The article is about a fabulous project: painting and spray painting the hundreds of bird illustration by John James Audubon, a pioneering ornithologist, onto surfaces where they can be admired daily. The bird murals are spread across Harlem and Washington Heights, and number so far between 70 and 80 (of an intended 314…) – many more than when I visited in March 2016 trying to scout them out without a serious map.

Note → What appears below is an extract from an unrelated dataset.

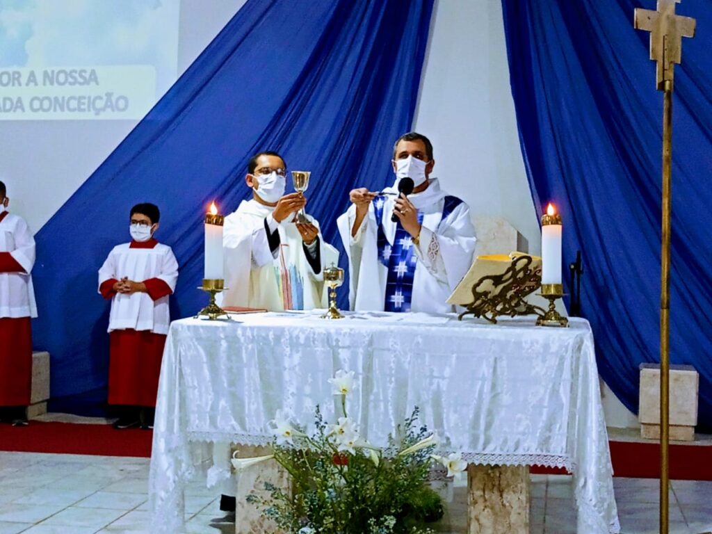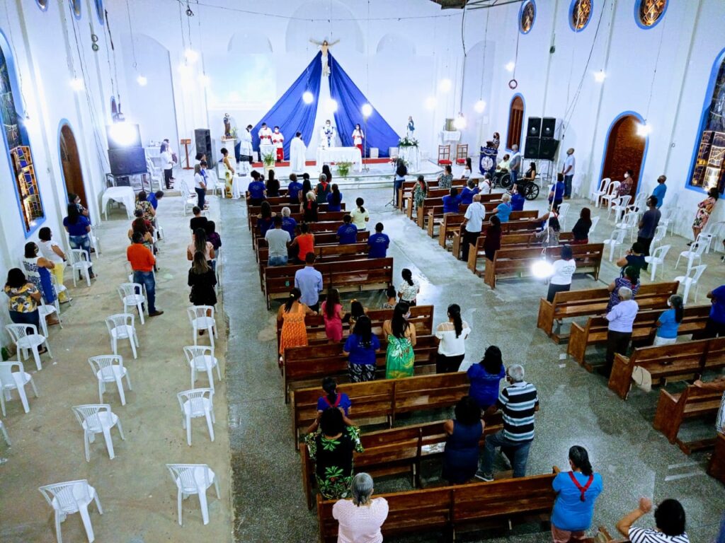 Tendo por temática: Maria, a Rainha de toda a criação, os presentes foram convidados a refletir e contemplar, a realeza de Nossa Senhora, pelo Pe. Alexandre Márcio, Celebrante da noite, o qual teve por concelebrante, o Pe. Nailson Gonçalves.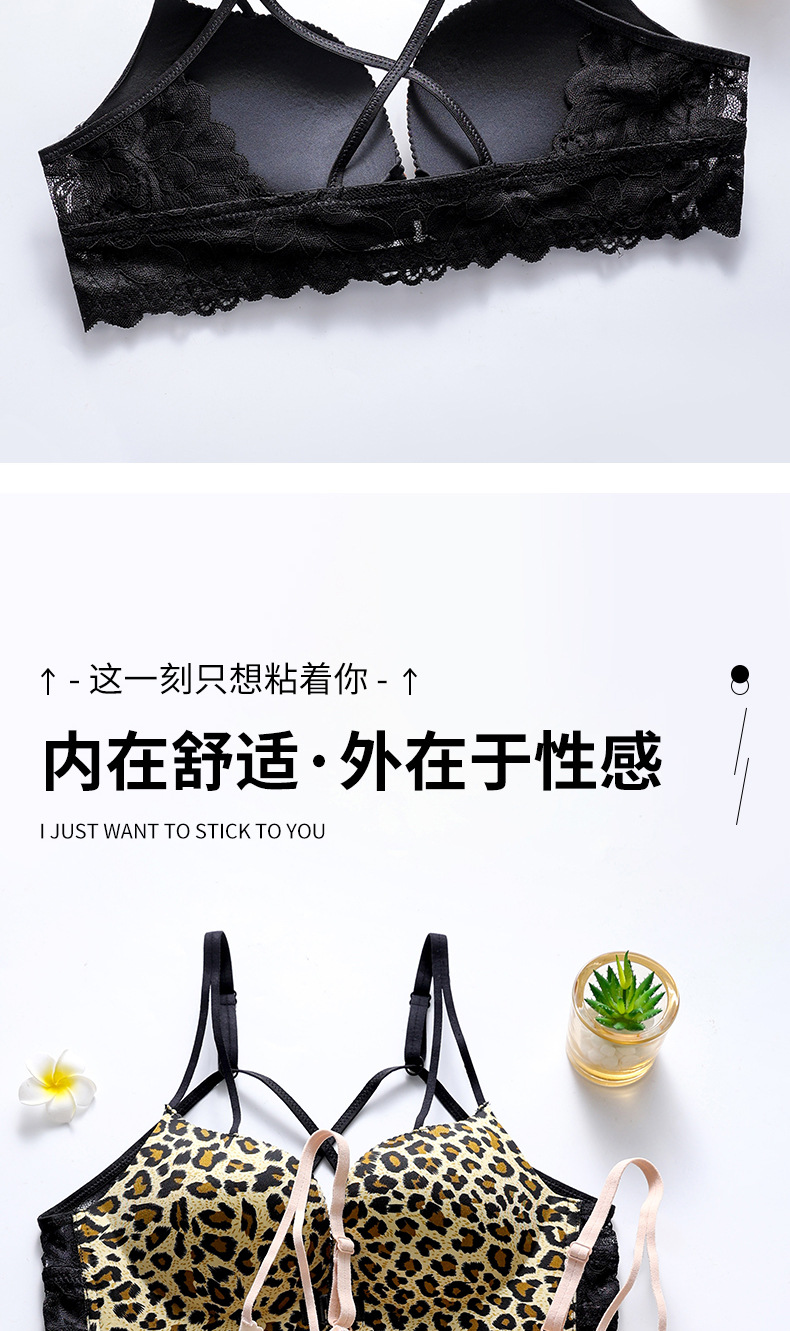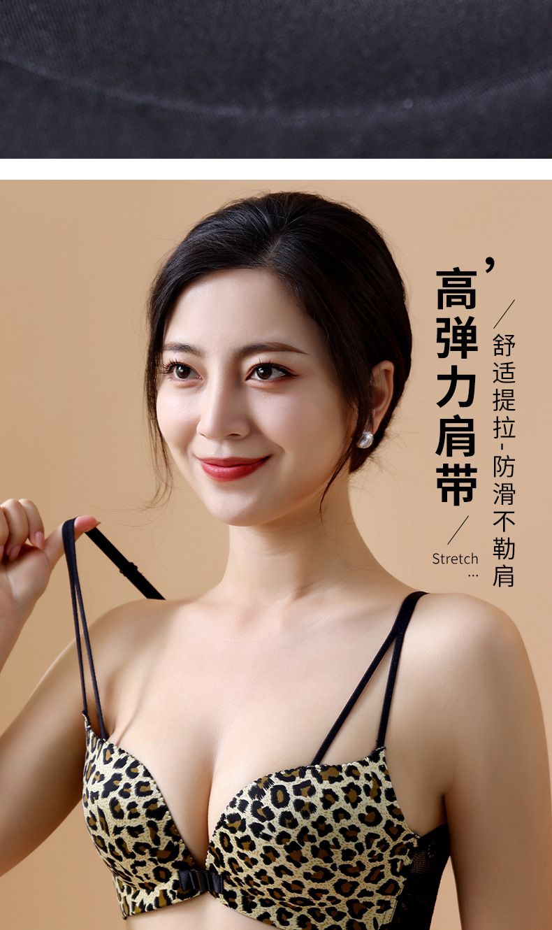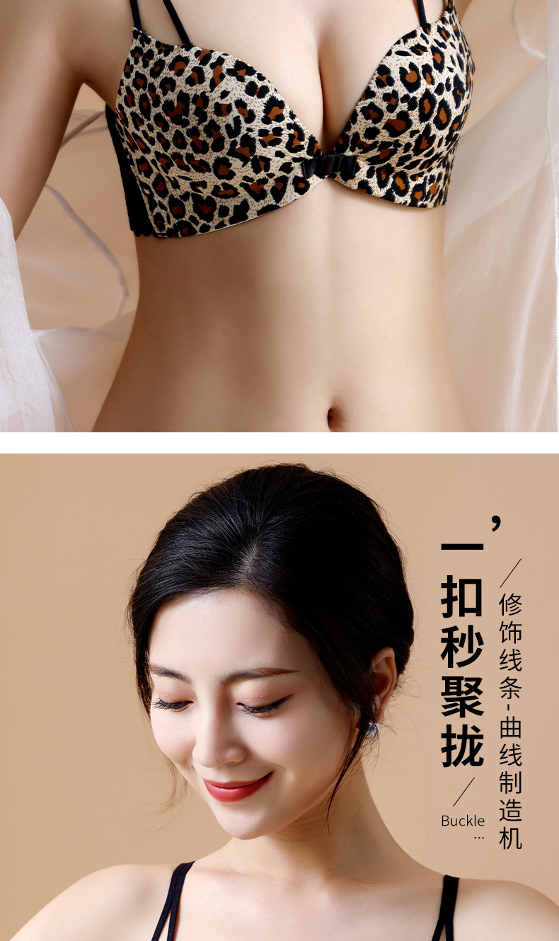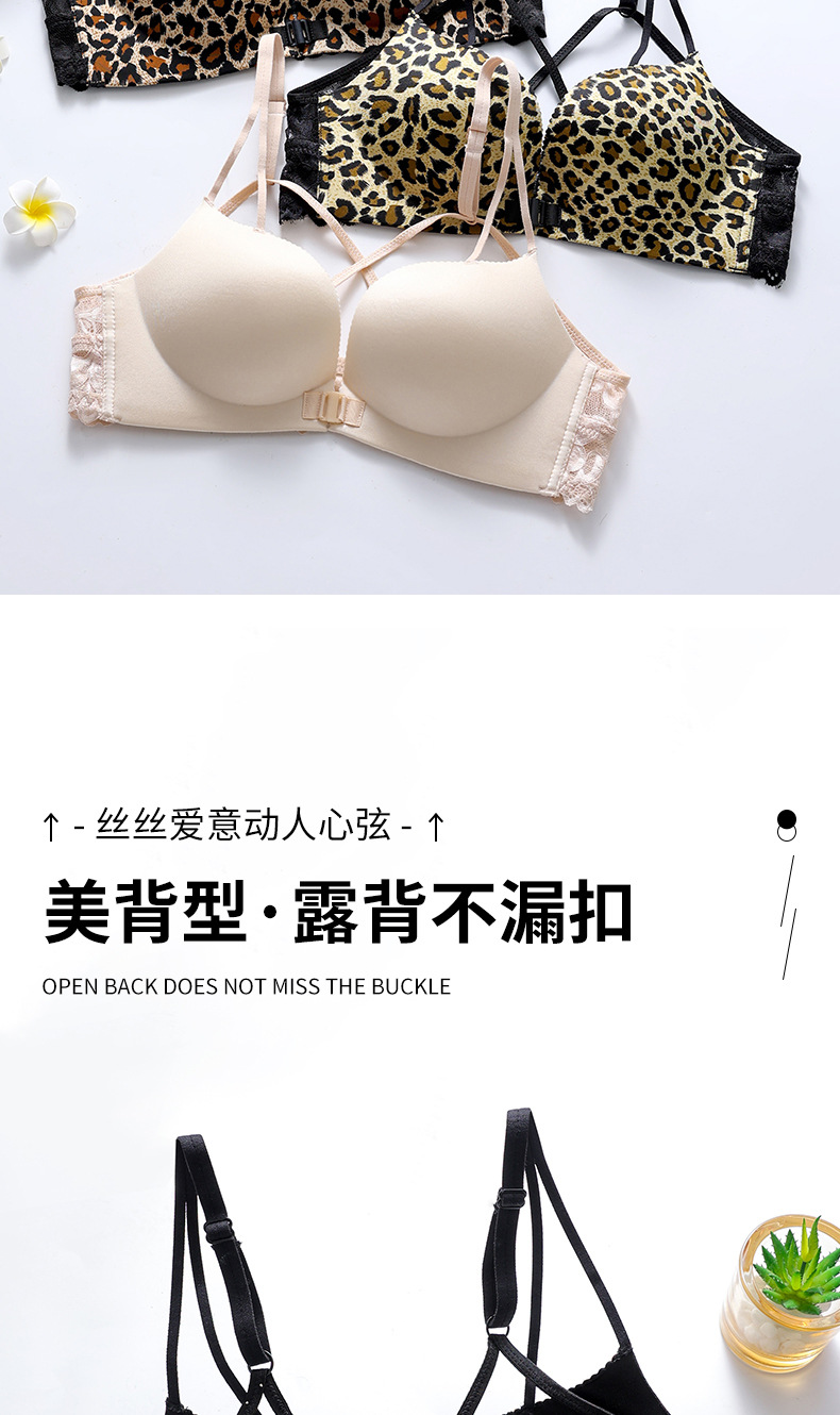 두께 옵션] 크로스 아름다운 뒤 레오파드 무늬 앞 버클 속옷 여성의 작은 가슴은 강철 반지 가슴이없는 브래지어 섹시스토어 가기

Audubon was an extraordinary man. His life reads like an adventure novel written by someone like Jules Verne, Daphne du Maurier or Alexandre Dumas, tropical islands, slave mistresses and nursemaids, escape from the Napoleonic Wars, travel with Native American tribes, changing names and nationality, included. He traveled more in his time, on horseback and sailboats across the continents and between them, than most people I know in our own century. He was into birds from the get go and throughout his life which had twists and turns he pursued knowledge about them and painted them all. Reading about him, even on Wikipedia, makes you dizzy. https://en.wikipedia.org/wiki/John_James_Audubon
The National Audubon Society was founded in honor of this adventurer, naturalist and artist in 1896, with President Roosevelt creating the first national wildlife refuge in 1903. Here is an overview of the history – (including the bit of proper Boston ladies trying to get women to boycott wearing hats with feathers as to protect the birds….)
http://www.audubon.org/about/history-audubon-and-waterbird-conservation
And the next link gives up-to-date info on the Audubon Mural Project. http://www.audubon.org/amp
Just have to get back to NY, don’t I?